◆ **EXERCISE DIRECTIONS**: With pictures omitted, copy exactly every line from the one that contains "K posteli je" to the end of the listing below.

◆ **MATERIAL PROVIDED**:
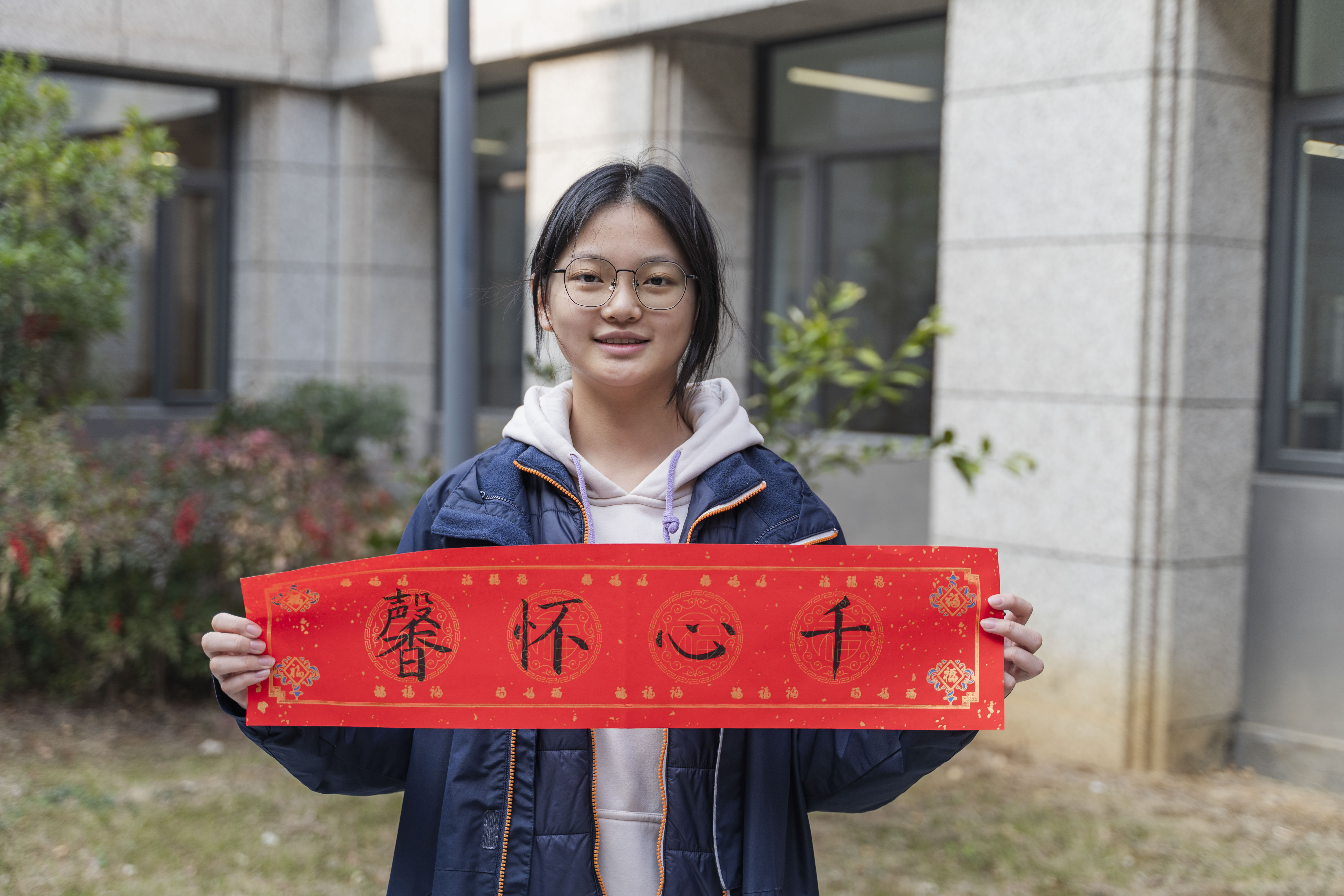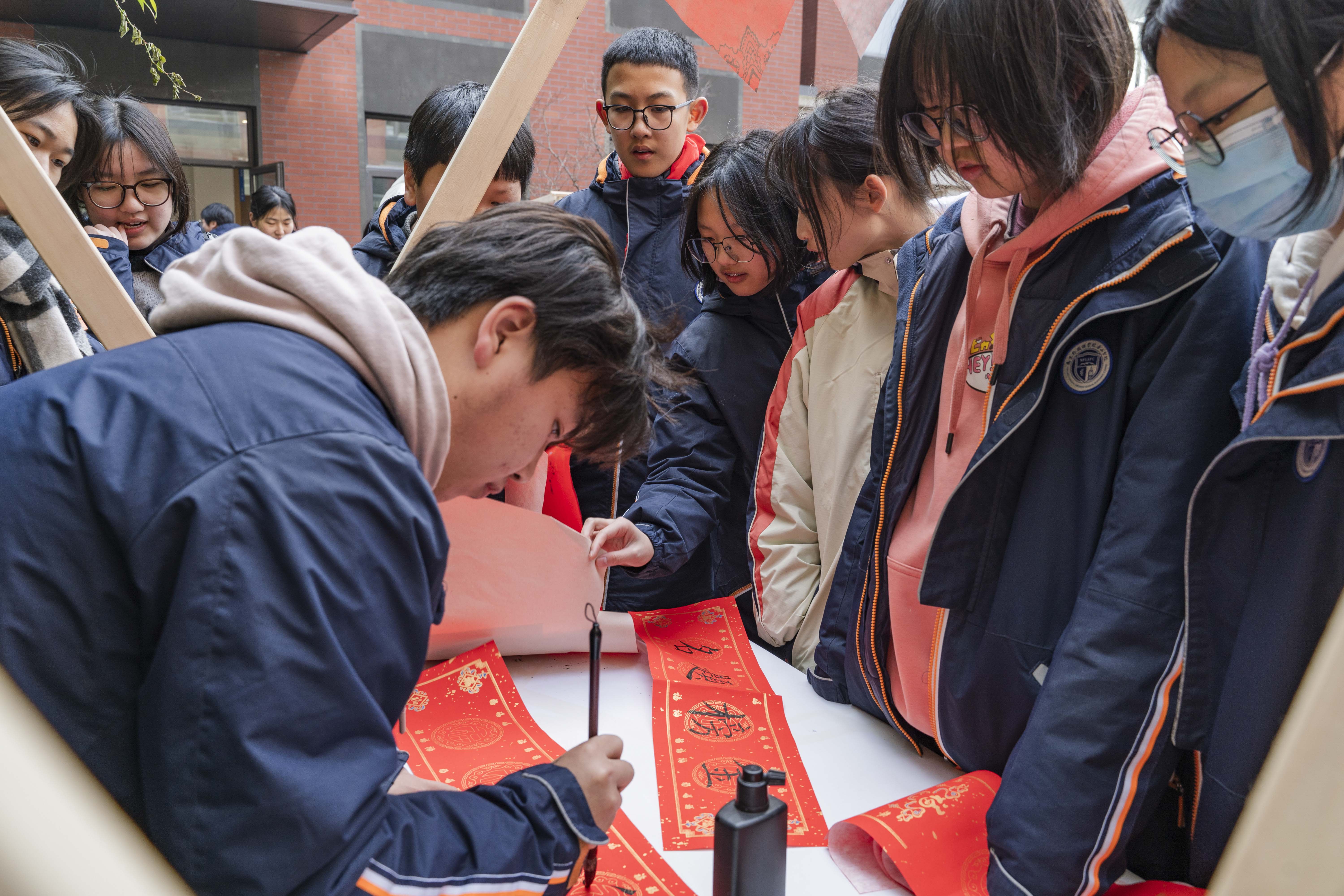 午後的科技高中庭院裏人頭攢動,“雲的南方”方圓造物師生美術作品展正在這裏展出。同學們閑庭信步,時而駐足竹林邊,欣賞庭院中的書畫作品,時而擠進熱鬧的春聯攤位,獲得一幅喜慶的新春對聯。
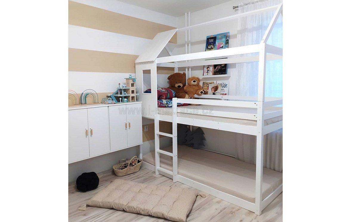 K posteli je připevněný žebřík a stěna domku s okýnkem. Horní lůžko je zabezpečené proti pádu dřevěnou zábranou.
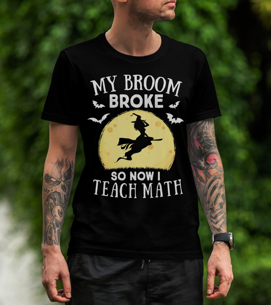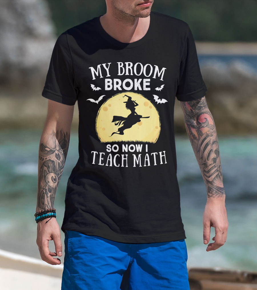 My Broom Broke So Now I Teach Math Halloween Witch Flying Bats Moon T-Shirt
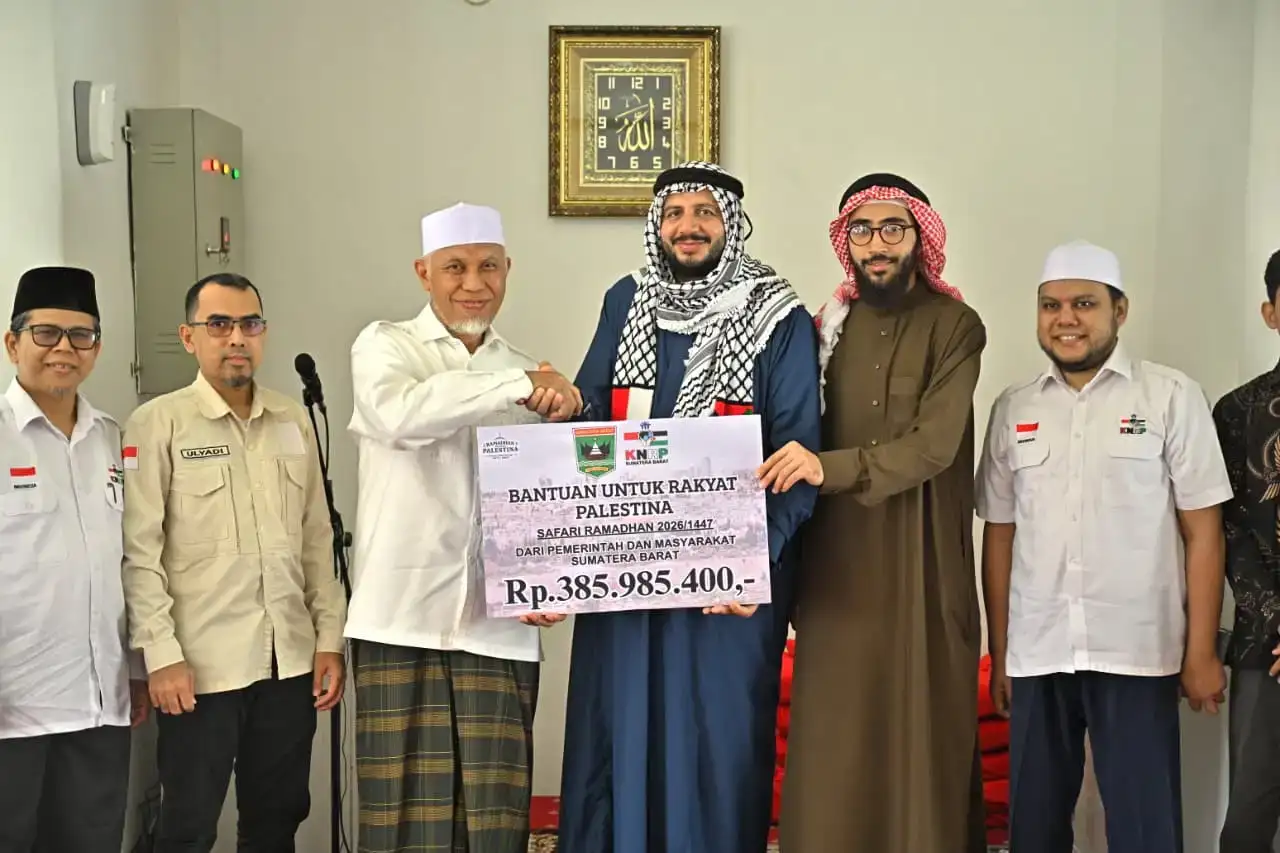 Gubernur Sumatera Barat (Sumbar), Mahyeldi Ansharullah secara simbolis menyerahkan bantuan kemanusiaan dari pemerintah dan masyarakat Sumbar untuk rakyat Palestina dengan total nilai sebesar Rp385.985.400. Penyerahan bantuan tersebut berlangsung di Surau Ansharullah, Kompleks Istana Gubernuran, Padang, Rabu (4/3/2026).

◆ **RESULT FOR THIS EXERCISE**:
 K posteli je připevněný žebřík a stěna domku s okýnkem. Horní lůžko je zabezpečené proti pádu dřevěnou zábranou.
 My Broom Broke So Now I Teach Math Halloween Witch Flying Bats Moon T-Shirt
 Gubernur Sumatera Barat (Sumbar), Mahyeldi Ansharullah secara simbolis menyerahkan bantuan kemanusiaan dari pemerintah dan masyarakat Sumbar untuk rakyat Palestina dengan total nilai sebesar Rp385.985.400. Penyerahan bantuan tersebut berlangsung di Surau Ansharullah, Kompleks Istana Gubernuran, Padang, Rabu (4/3/2026).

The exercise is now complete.